Supplied material:
* * *
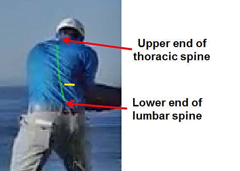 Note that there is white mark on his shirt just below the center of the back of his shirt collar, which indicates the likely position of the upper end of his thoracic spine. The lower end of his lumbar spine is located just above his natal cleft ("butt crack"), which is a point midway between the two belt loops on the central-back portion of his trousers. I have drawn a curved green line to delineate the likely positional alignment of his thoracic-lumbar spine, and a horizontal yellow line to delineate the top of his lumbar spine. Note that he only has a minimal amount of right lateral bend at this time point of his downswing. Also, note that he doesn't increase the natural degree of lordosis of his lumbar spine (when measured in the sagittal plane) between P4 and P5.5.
* * *
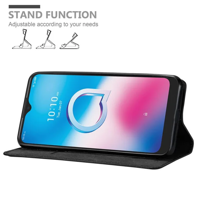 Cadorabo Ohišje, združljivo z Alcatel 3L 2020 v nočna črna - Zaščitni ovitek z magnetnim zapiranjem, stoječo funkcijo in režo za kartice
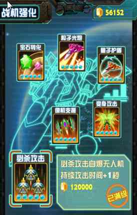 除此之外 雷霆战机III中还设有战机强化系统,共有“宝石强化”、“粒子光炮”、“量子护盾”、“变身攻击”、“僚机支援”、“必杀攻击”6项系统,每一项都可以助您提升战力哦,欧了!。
* * *
Exercise directions: Within the listing above, the lines from the one with "Cadorabo Ohišje, združljivo" through the one with "除此之外 雷霆战机III中还" are to be given again word for word. Do not include pictures.

Exercise solution:
 Cadorabo Ohišje, združljivo z Alcatel 3L 2020 v nočna črna - Zaščitni ovitek z magnetnim zapiranjem, stoječo funkcijo in režo za kartice
 除此之外 雷霆战机III中还设有战机强化系统,共有“宝石强化”、“粒子光炮”、“量子护盾”、“变身攻击”、“僚机支援”、“必杀攻击”6项系统,每一项都可以助您提升战力哦,欧了!。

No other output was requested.